Now, the C implementation of the project that I'm working on solved this by having each member of M be it's own executable, and the rest of the project simply libraries which define a framework to construct new elements of M.
It was my ambition to have the Rust implementation of this project make all of the project's functionality available through a single executable through one of many user interfaces. However, since you cannot possibly do something like the following in Rust, I understood from the beginning that satisfying point 3 completely would be impossible:
/* In project core */
let target = user_input();
// Automatically include new modules' functionality
for module in some_crate::modules() {
if module::name() == target {
// Note that this would also benefit a lot from module
// parameterization (to be able to check types at compile
// time)
do_something(module::FirstClassItem);
}
}
As opposed to this, which requires implementers of new members of M to go in there and add their new module to the match arms:
/* In project core */
let target = user_input();
match target {
"module_name" => do_something(some_crate::module_name::FirstClassItem),
...
_ => (),
}
Now, what I wonder is:
Is there, in fact, a way to do this in Rust?

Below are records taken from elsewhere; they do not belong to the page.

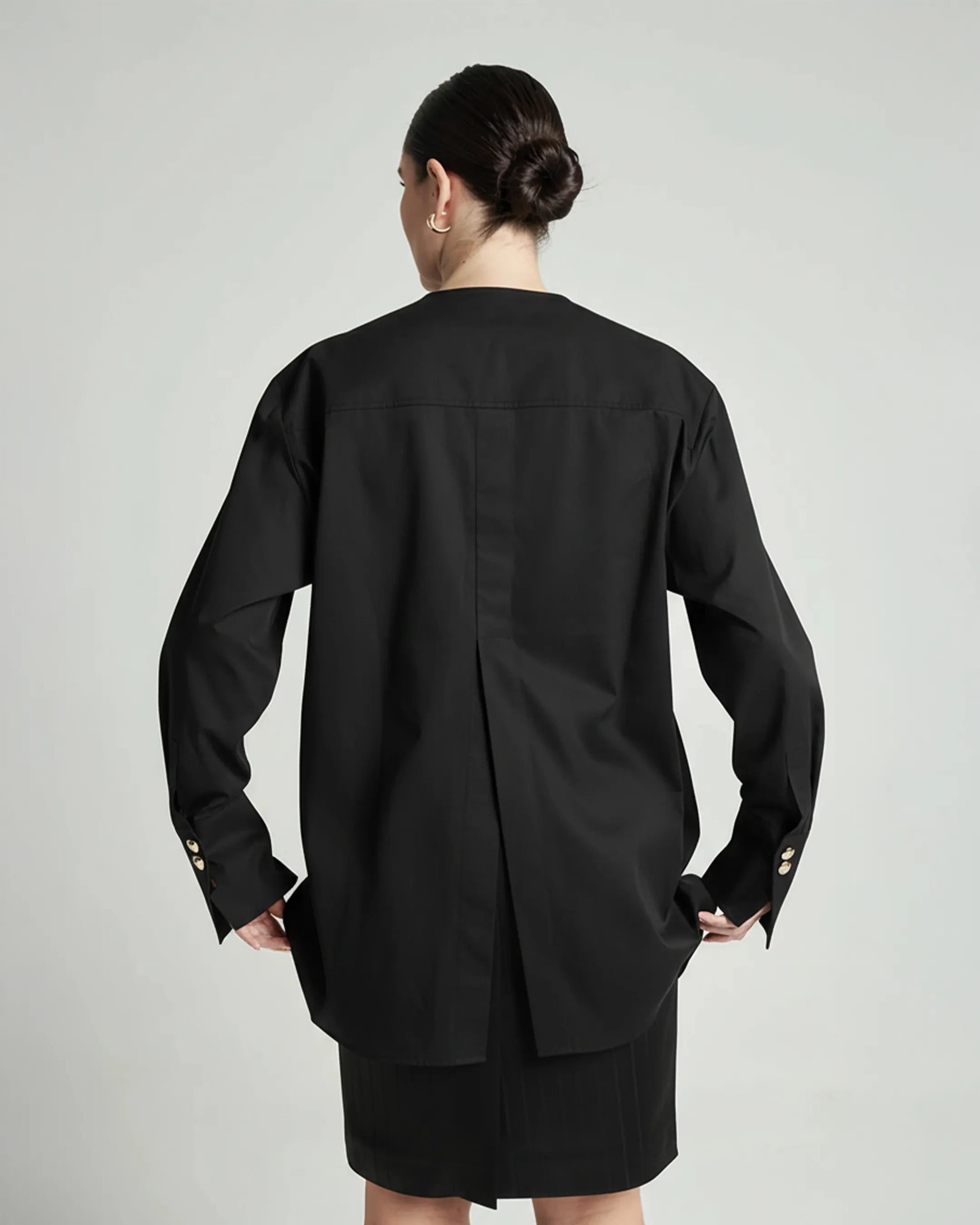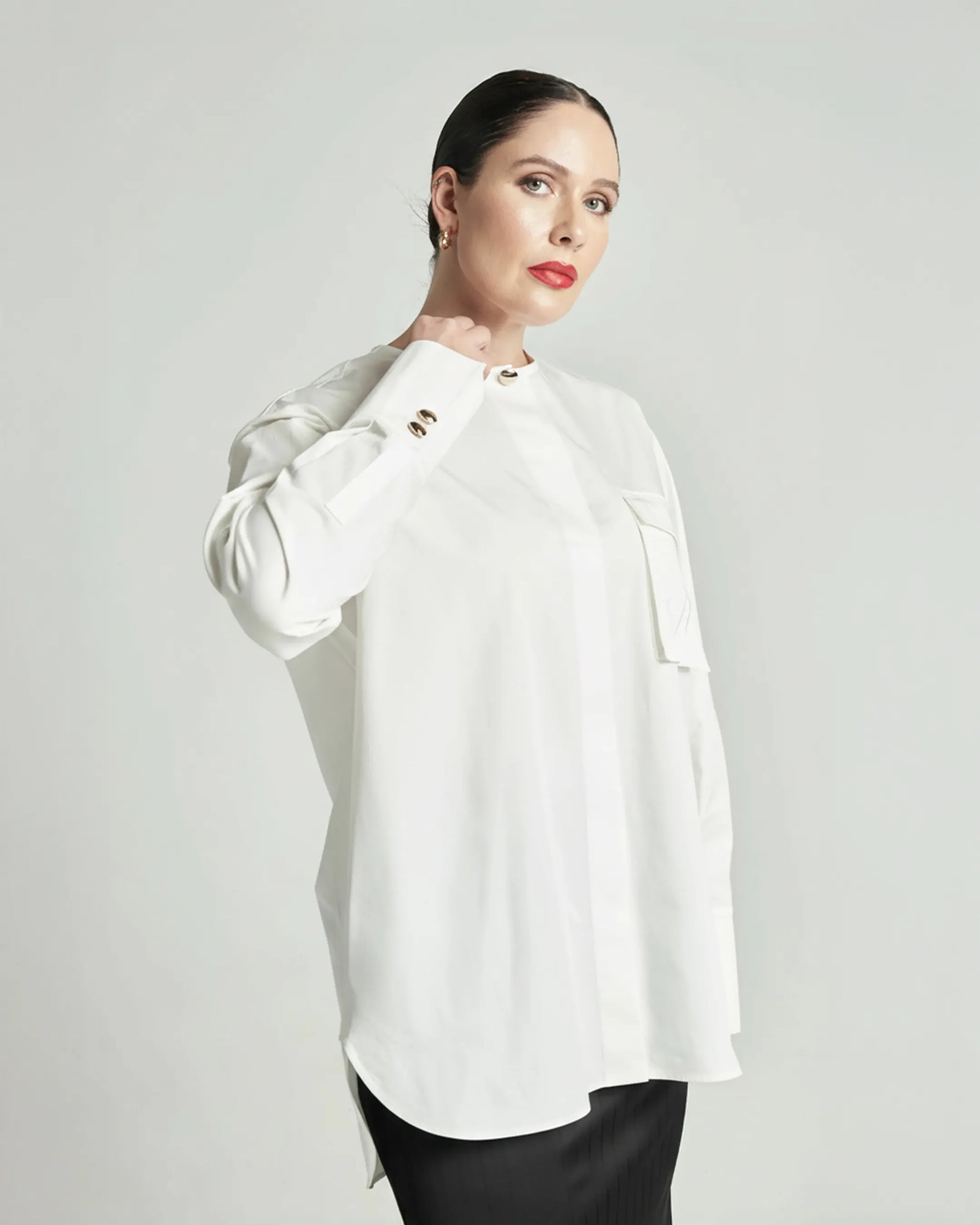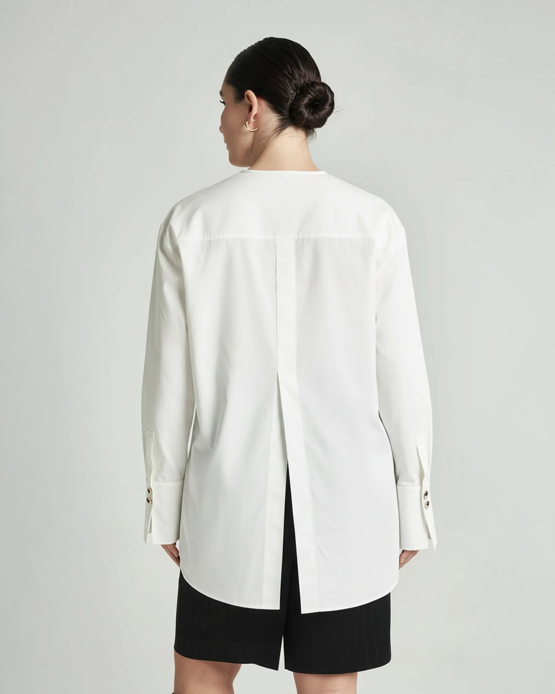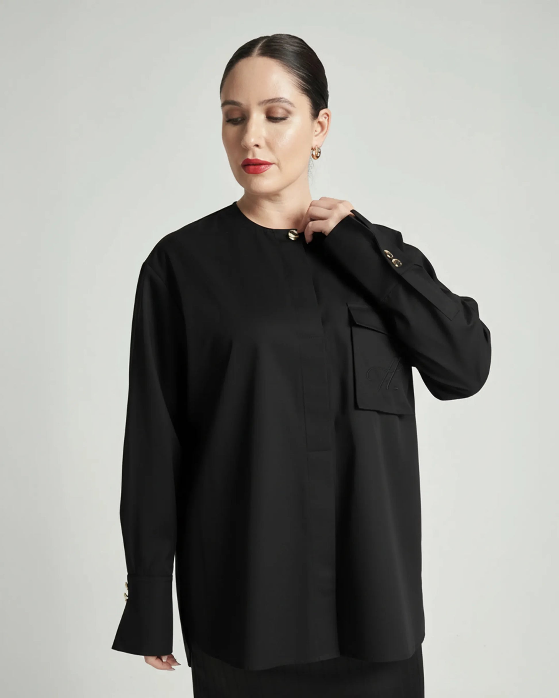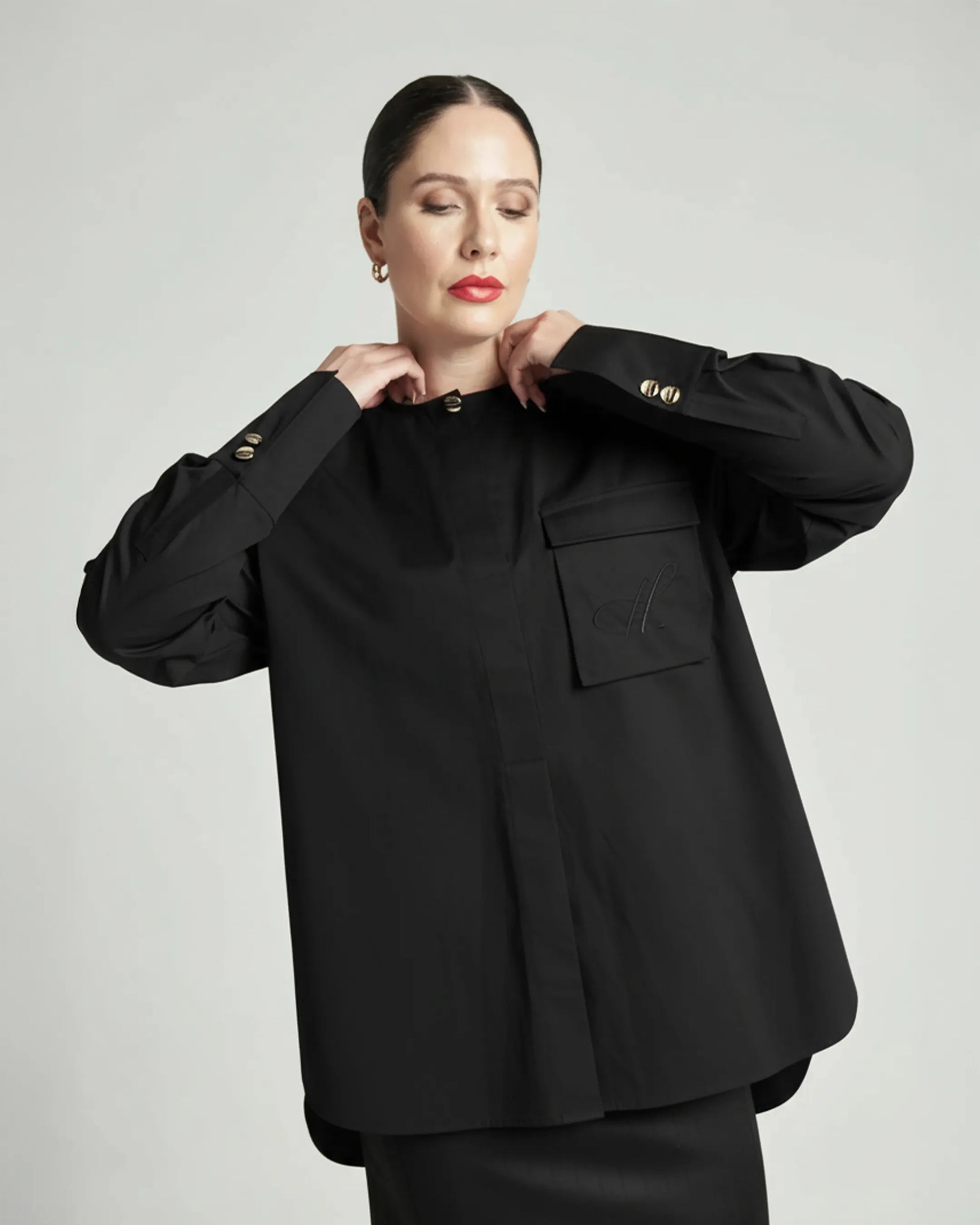 Modern kesimi, rahat duruşu ve göğüsteki minimal H. nakışıyla her kombine uyum sağlayan zamansız bir gömlek. Şık, sade ve güçlü.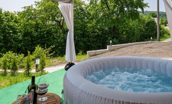 Single-family house "Cosy Home D&D", 3 storeys, renovated in 2025. 1.5 km from the centre of Brod Moravice, in a sunny, elevated position, 70 km from the sea, in the countryside. Private: property 1'600 m2 with lawn and trees, swimming pool (above ground) round (depth 120 cm, seasonal availability: 01.Jun. and 15.Sep.). Barbecue. In the house: internet access, hot tub (extra). Infrared sauna, spa area (extra), central heating system. Parking (for 3 cars) at the house on the premises. Shop 1.6 km, supermarket 26 km, restaurant 20 km, bus stop 3 km. Nearby attractions: NP Risnjak 40 km, Zeleni vir 16 km, Kamačnik 20 km. Please note: suitable for families. Part of the house is closed and unoccupied. It is necessary to announce the heating of the hot tub in advance. 4-room house 150 m2 on 3 levels. Living/dining room with open-hearth fireplace, cable TV and air conditioning. Exit to the terrace. Open kitchen (oven, dishwasher, 4 induction hot plates, toaster, kettle, freezer, electric coffee machine). Shower/WC. Upper floor: entrance hall with air conditioning. 2 rooms, each room with 1 french bed (160 cm, length 200 cm), cable TV. Exit to the balcony. 1 room, without wardrobe with 2 beds (90 cm, length 200 cm), cable TV. Shower/WC. Floor heating, forced-air heating. Balcony 7 m2, terrace 80 m2 partly roofed. Terrace furniture, balcony furniture. View of the countryside and the forest. Facilities: safe, hair dryer, logs (free). Internet (WiFi, free). Please note: suitable for families. Non-smoking house. Maximum 2 pets/ dogs allowed.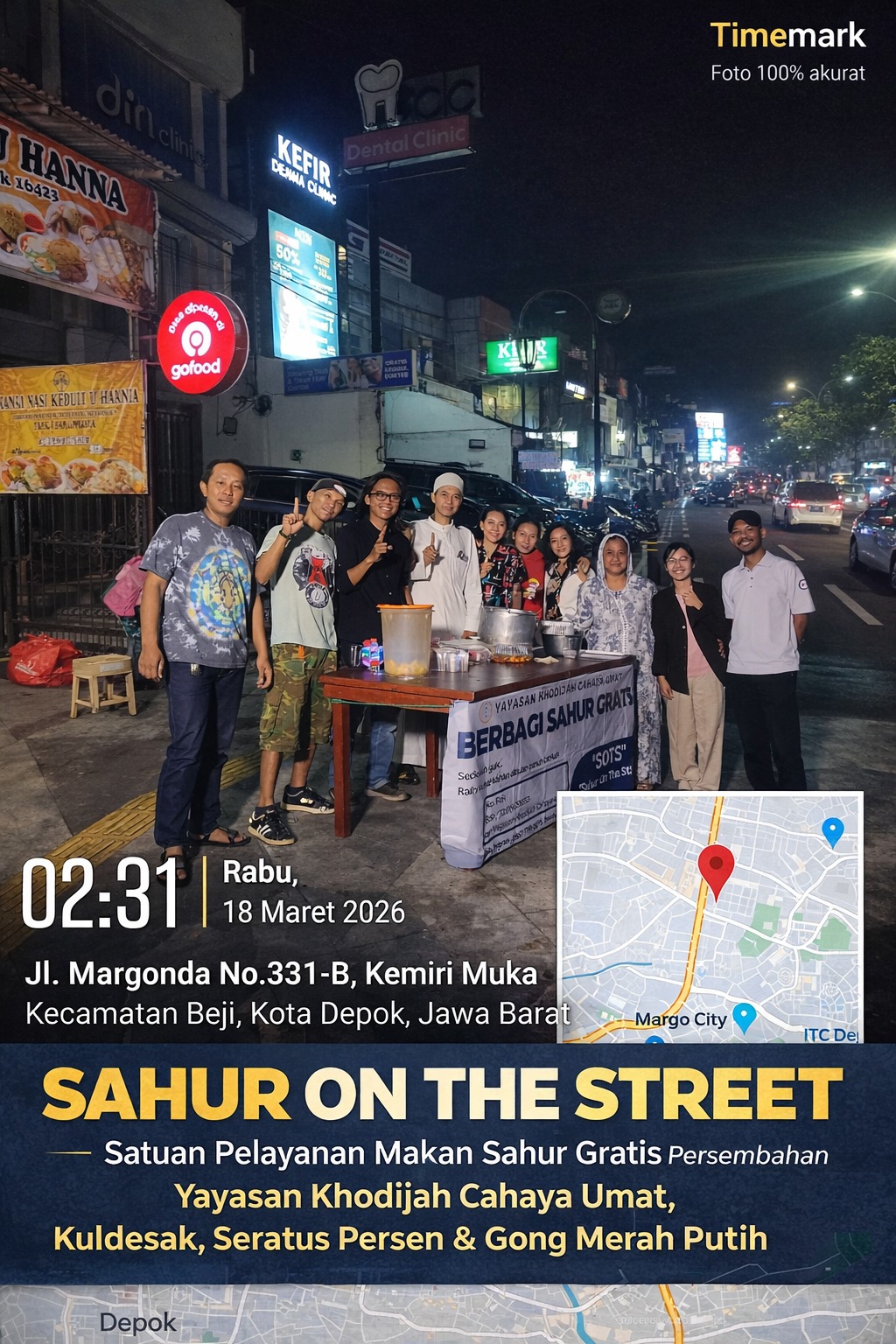 Uklik.net – Program kemanusiaan “Sahur On The Street: Sahur Bareng Warga Margonda, Bangunin Sahur, Bangunin Kepedulian” resmi berakhir pada Kamis dini hari, 20 Maret 2026, setelah berlangsung selama lima hari berturut-turut sejak 15 Maret 2026 di Jalan Margonda Raya No.331, Kemirimuka, Depok.

Does anyone have any tips to making a setup like this work?
Is there any indication that Rust might have support for first-class modules in the future?
You can "discover" modules at compile time with procedural macros. automod is an example of how that works. I wouldn't really recommend going that route but it is technically possible.
A macro_rules macro can cut down on the duplication a bit, and doesn't require nearly as much work to get running.
mod one;
mod three;
mod two;
macro_rules! find_target {
($target:expr => $($name:ident),+) => {
match $target {
$(
stringify!($name) => do_something($name::FirstClassItem),
)+
_ => panic!("Not a module!")
}
};
}
pub fn run_target(target: &str) {
find_target!(target => one, two, three);
}
fn do_something<T: 'static>(_: T) {
println!("{}", std::any::type_name::<T>())
}
If you create those three files and put pub struct FirstClassItem; In them that will compile.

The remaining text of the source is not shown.